La era de la caducidad

Estamos en un momento excitante de la historia sin apenas ser conscientes de ello. Creo que nos estamos perdiendo los cambios que están ocurriendo a nuestro alrededor igual que la rana que no salta del agua que se calienta poco a poco hasta que se achicharra sin darse cuenta. Si a esa misma rana la metieras en agua a 80 grados de golpe, el salto que daría sería similar al que daría cualquier sociólogo de la generación de mi padre si de repente se encontrara con los últimos fenómenos mediáticos y sociales que hemos sufrido en 2010: Wikileaks, Twiter, Facebook,…

Sólo por dar algunos datos, Facebook ya tiene 600 millones de usuarios y en 2010 se generaron 25 mil millones de tweets (la cifra marea). En el primer semestre de 2010, los usuarios de Twitter crecieron un 44%!!. Estas redes sociales supone un cambio radical en la forma de comunicarnos, en la forma en la que la sociedad y los ciudadanos interactuamos con el orden establecido. La red está contribuyendo a la democratización y a la globalización de todos los aspectos de la vida. Y eso es bueno. ¿O no?

Los efectos colaterales que esta democratización trae consigo es que estamos entrando en la era de la caducidad. Me explico. La velocidad que estas herramientas de comunicación social están imprimiendo a nuestro modo de vida hace que no nos dé tiempo a digerir tanta información, y menos a establecer unas guías morales o de comportamiento que sirvan a las generaciones más jóvenes de faro en el proceloso mar de su acelerada existencia. Estamos en un mundo en el que la velocidad a la que se genera (y destruye) información es tan alta, que no da tiempo a digerirla ni a que se consolide en nuestro cerebro de forma que configure un prisma a través del que ver la vida.

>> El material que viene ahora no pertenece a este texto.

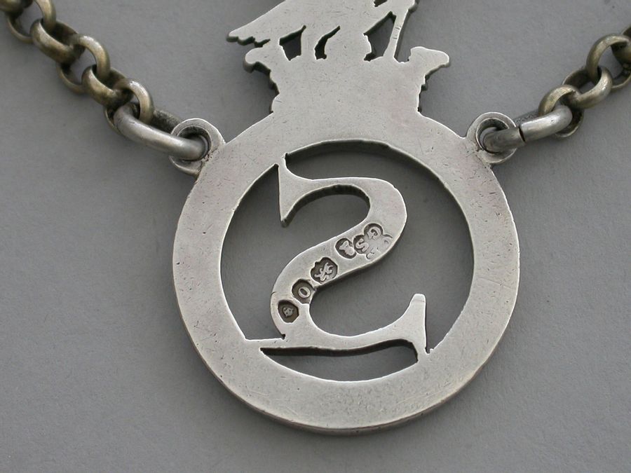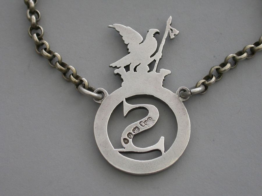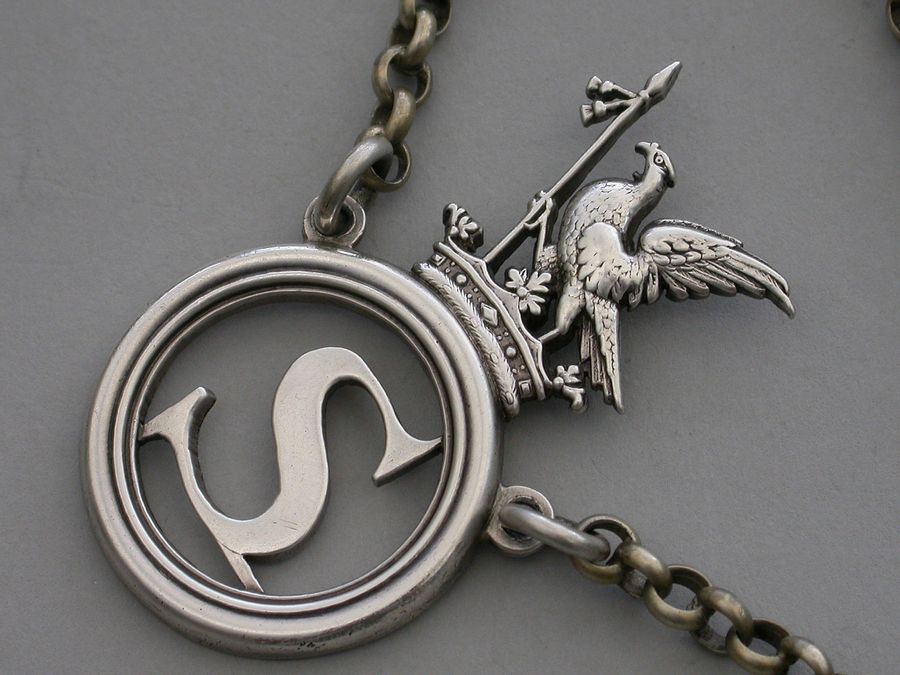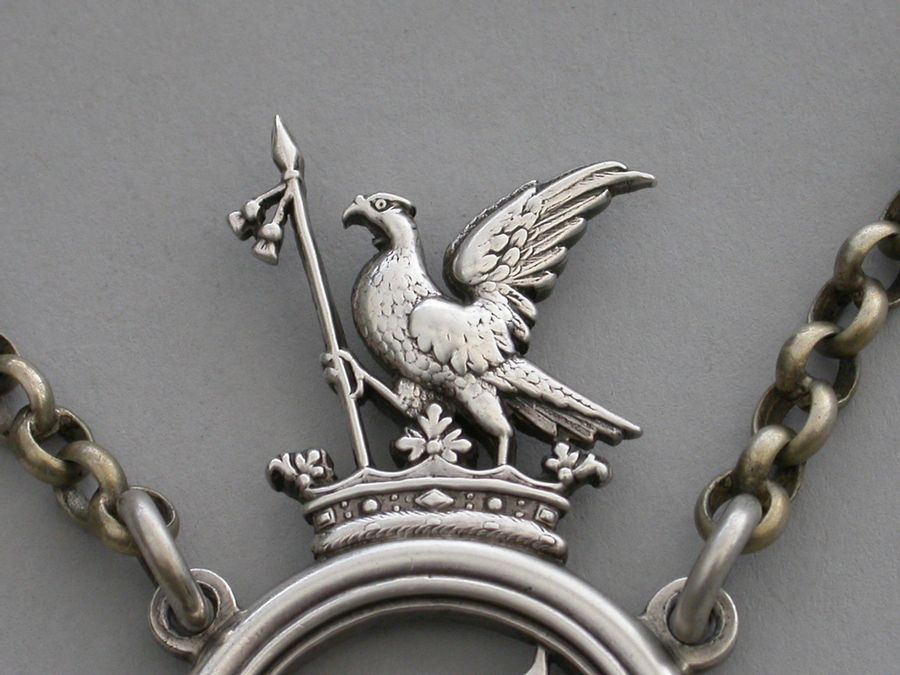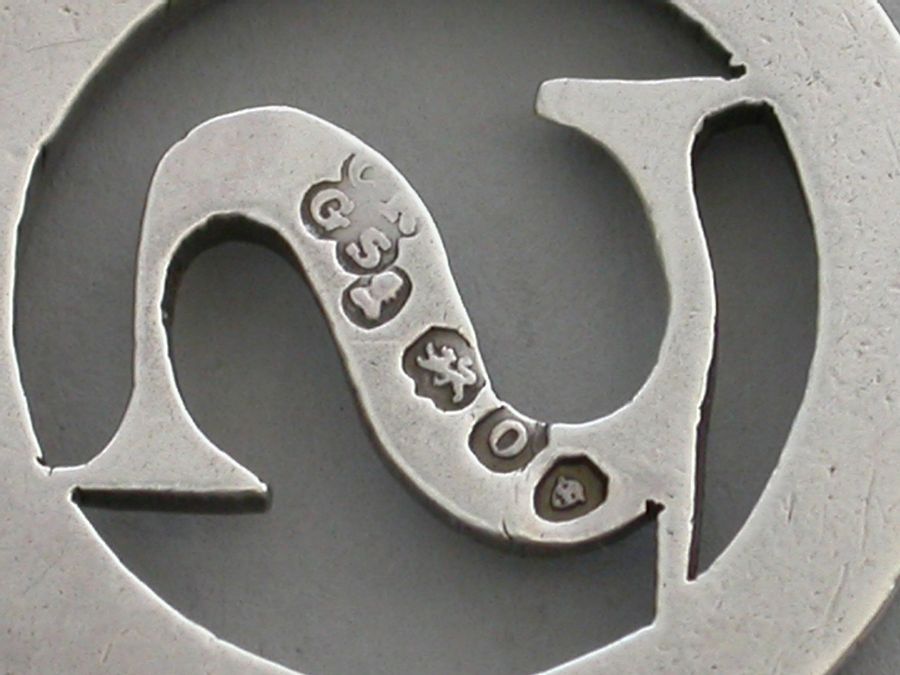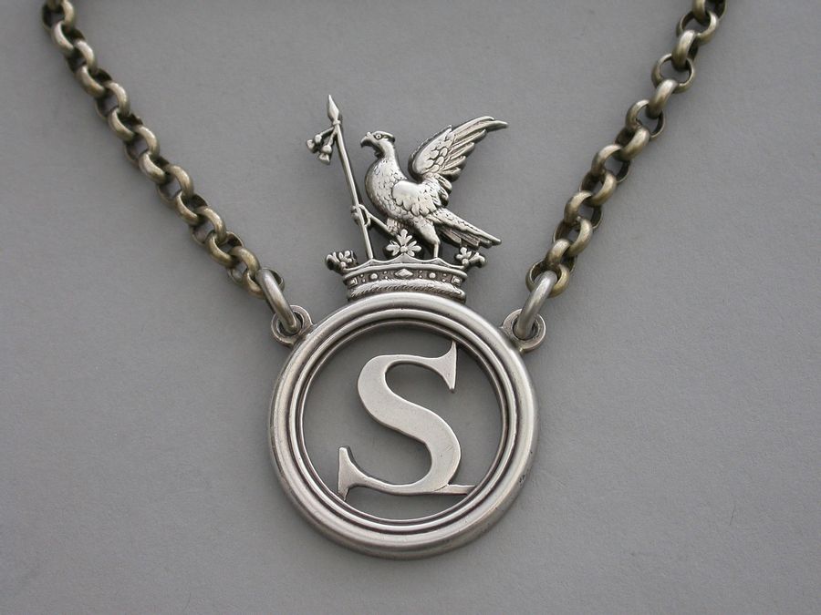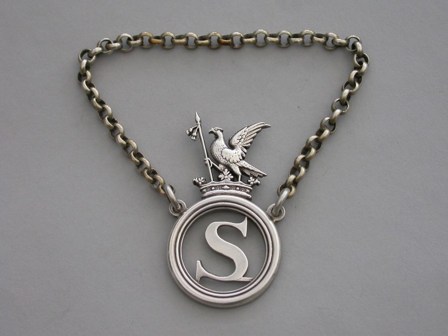 A fine and rare George IV cast silver Armorial Wine Label made in the form of a capital letter 'S' within a circle and with a crest above. The circle formed from three concentric rings of various depths. The Crest of:- ""on a ducal coronet, an eagle rising holding in the dexter claw a staff thereupon a pennon"", is probably that of Davey of Redruth in Cornwall.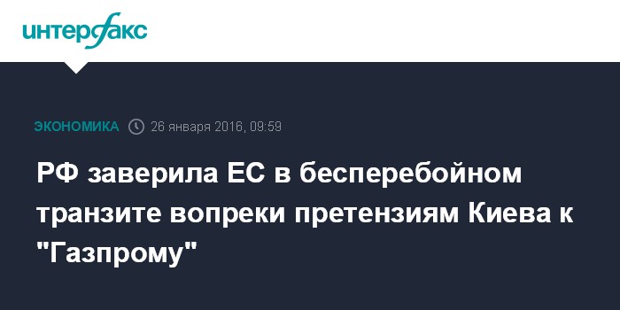 РФ заверила ЕС в бесперебойном транзите вопреки претензиям Киева к "Газпрому"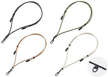 ショルダーストラップがUSB Type-C(TM)(USB-C(TM))ポート対応の充電ケーブルに早変わりする“2in1”仕様のストラップです。直径約6mmの丸ひもを採用し、日常使いでも肩が疲れにくい軽量スリム設計にしました。スマートフォンケースにストラップホールがない場合でも、高耐久のステンレス製シートを挟み込むことで使用できます。ストラップの長さは最大1.5mまで調整可能です。ストラップの両端にはキャップ付きのUSB Type-C(TM)コネクターを備え、AC充電器やモバイルバッテリーと組み合わせることでスマートフォンを充電できます(最大60W・20V/3A)。カラーは服装やシーンを選ばず使えるアースカラーの4色をご用意しました。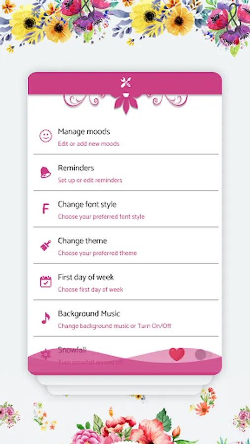 - Snowfall functionality to enhance diary looks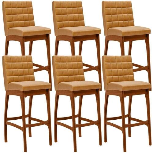 ndo muita excelência, o Kit 06 Banquetas Altas Para Cozinha Sala de Jantar Fixa Mila L02 Couríssimo Whisky - Lyam Decor é o complemento que faltava para deixar sua casa ainda mais extraordinária. Seu encosto com costura em padrão quadriculado e assento estofados, centralizam em si uma graciosidade estonteante, sem perder todo o conforto. A estrutura em madeira, na cor nozes, também é digna de notoriedade, por imprimir bastante personalidade a sua decoração. Vale ressaltar ainda, o apoio para os pés que garante maior à mesma.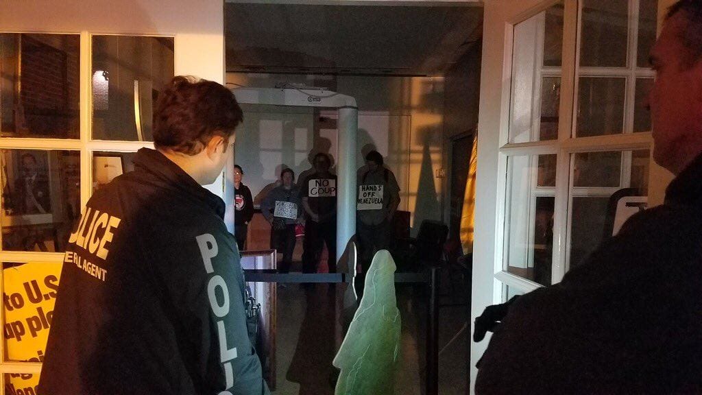 “In a remarkable turn of events, however, instead of arresting the collective members who remained inside, the D.C. police engaged in a lengthy discussion with the Embassy Protection Collective and their lawyer Mara Verheyden-Hilliard. The discussion focused on the reason that collective members were in the embassy in the first place — trying to stop the Trump administration from violating the 1961 Vienna Convention on Diplomatic Relations and the 1963 Vienna Convention on Consular Facilities by turning over the diplomatic premises to a coup government.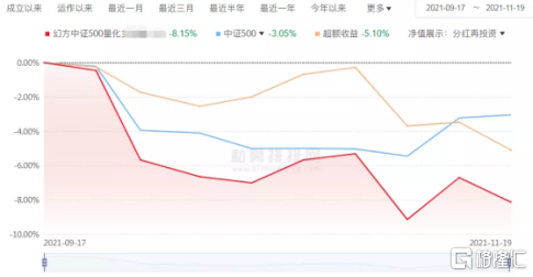 比如説像幻方量化旗下的這隻500指增產品,最近兩個月的跌幅比上次盤點時少了零點幾個百分點,現在是8.15%,不過依舊還是跑輸了中證500指數。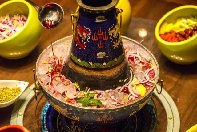 古关火锅城的特色火锅——冰煮羊火锅选用景泰蓝铜锅装冰块,涮的是产自内蒙古锡林郭勒盟东部的乌珠穆沁羊。当老北京景泰蓝铜锅遇上塞外精选冰煮羊肉,当天南海北的游客汇聚在曾经的军事要塞吃火锅,不仅让味蕾在香醇的羊肉羊汤中得以治愈,也有了满满的仪式感。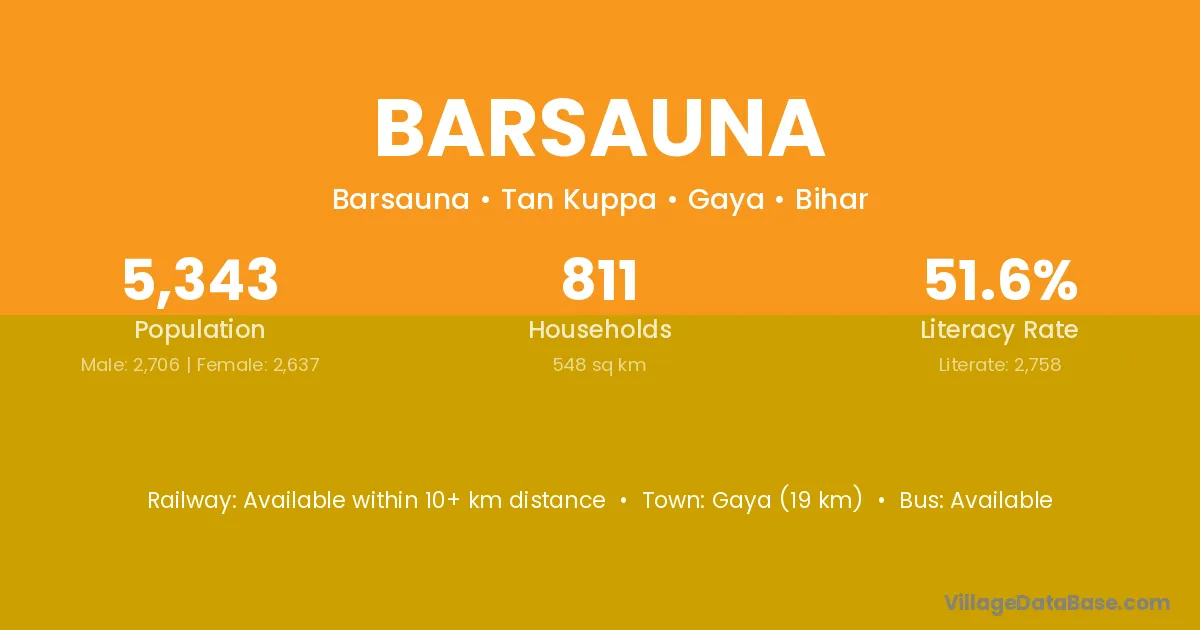 Gaya (19 km) is the nearest town to Barsauna village for major economic activities and is located approximately 19 km away.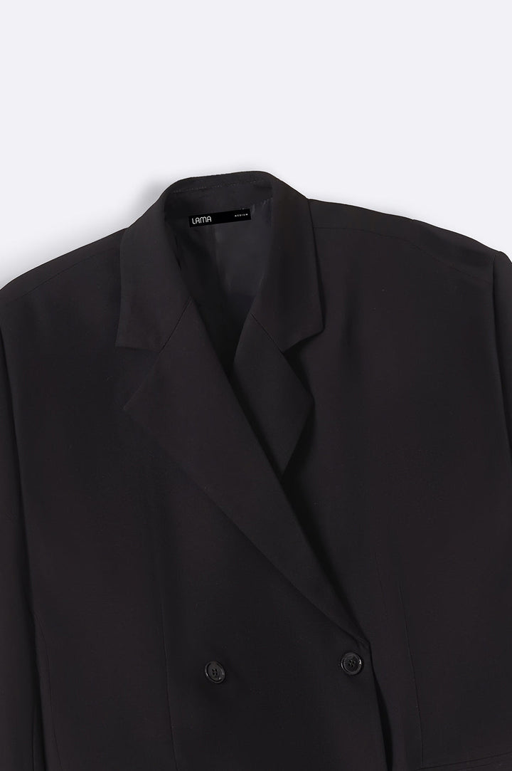 Design details: Double breasted oversized blazer with welt pockets and a long slit at the back.

Es lo que toca, ni bueno ni malo. O al menos depende a quien le preguntes. Mis abuelos recibieron miles de veces menos información que yo en toda su vida, y la consolidaron mucho más en su forma de ver la vida. Ellos tenían unas cuantas verdades inamovibles fruto de una constancia en la información que recibían de sus mayores, sus  semejantes, la sociedad,… etc. Sin embargo, yo, aun habiendo recibido muchísima más información que ellos, tengo menos cosas claras y mis verdades son mucho menos inamovibles que las suyas. Y si pienso en mis hijos, me da vértigo. Seguramente vivirán en un entorno en el que recibirán miles de veces más información que la que he recibido yo a lo largo de mi vida, y millones de veces la que recibió mi abuelo. En este entorno, para un joven que esté en el proceso de formación de su personalidad y de su identidad como adulto, se me antoja muy complicado filtrar lo importante de lo superfluo, lo dañino de lo inocuo, lo veraz de la manipulación. Ésta es una faceta que normalmente los padres no incluimos en las prioridades educativas para nuestros hijos. Y deberíamos, claro que deberíamos.

Pero no todo es negativo en este entorno. Las nuevas generaciones son más libres de prejuicios que nosotros (hablo de los nacidos en los 60-70) y cuestionan el cinismo y la mentira en todas sus variantes, precisamente porque tienen dónde contrastar información, y porque millones de usuarios compartiendo información en tiempo real piensan como una única red neuronal a la que es difícil engañar o manipular.

Como casi todo en la vida, todo tiene su cara buena y la no tan buena.